Argument du Chant 31
Les deux poètes ont vu successivement dix bolges du cercle des fourbes, le huitième de tout l'Enfer. Ils vont descendre maintenant au neuvième cercle, celui des traîtres. C'est ce puits annoncé au commencement du dix-huitième chant. Il est divisé en quatre girons ou zones différentes. Aux abords du gouffre, tout à l'entour, se tiennent des géants mythologiques et antédiluviens. Les deux poètes, portés dans les bras de l'un des géants descendent dans le puits.
Chant 31
Un seul mot échappé de la bouche du sage
M'avait mordu le cœur et rougi le visage :
Un seul mot de sa bouche apaisa mon chagrin.

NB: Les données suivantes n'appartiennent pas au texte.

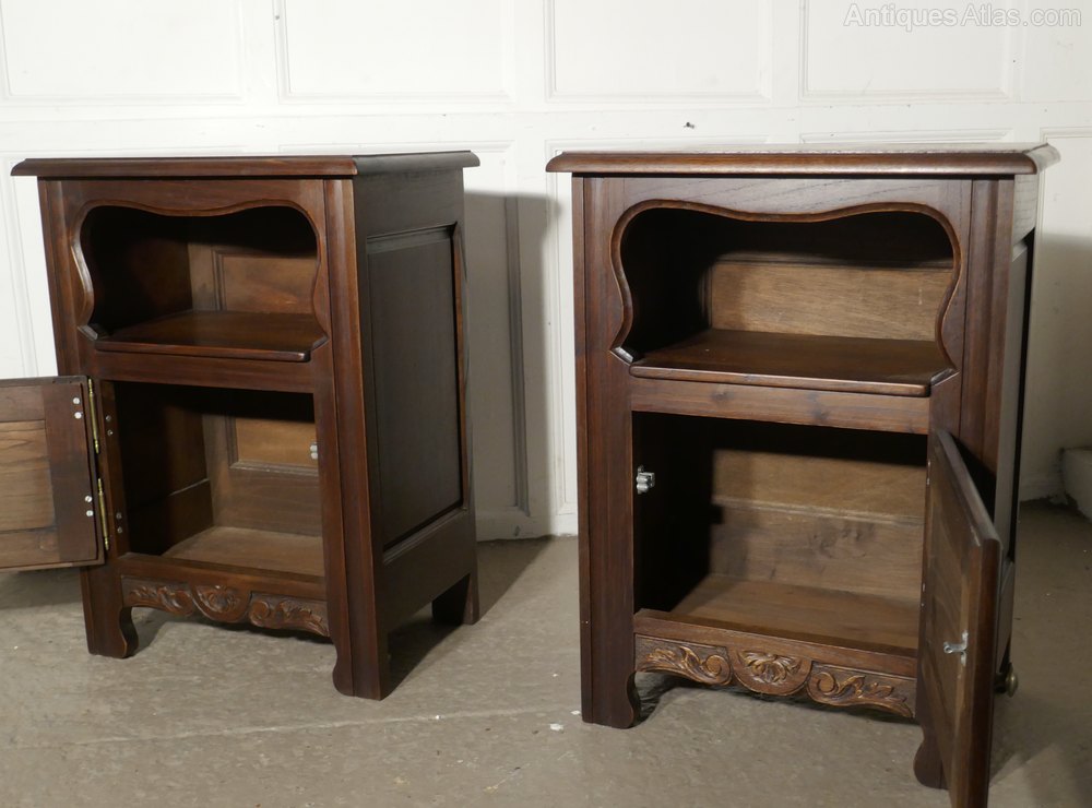 Good Pair of French Walnut & Marble Bedside Cabinets

D'Achille et de son père, ainsi, dit-on, la lance
Frappait, puis du blessé guérissait la souffrance,
Donnant après le mal le baume souverain.
Nous tournâmes le dos au vallon de misère,
Marchant silencieux le long du bord de pierre
Qui s'étendait autour du cercle douloureux.
Or, là régnait un jour crépusculaire et sombre.
Mes regards ne pouvaient s'étendre à travers l'ombre,
Mais j'entendis sonner un cor si furieux
Qu'il aurait étouffé le fracas du tonnerre.
Je suivis le chemin du son, dans la carrière,
Les yeux sur un seul point attachés ardemment.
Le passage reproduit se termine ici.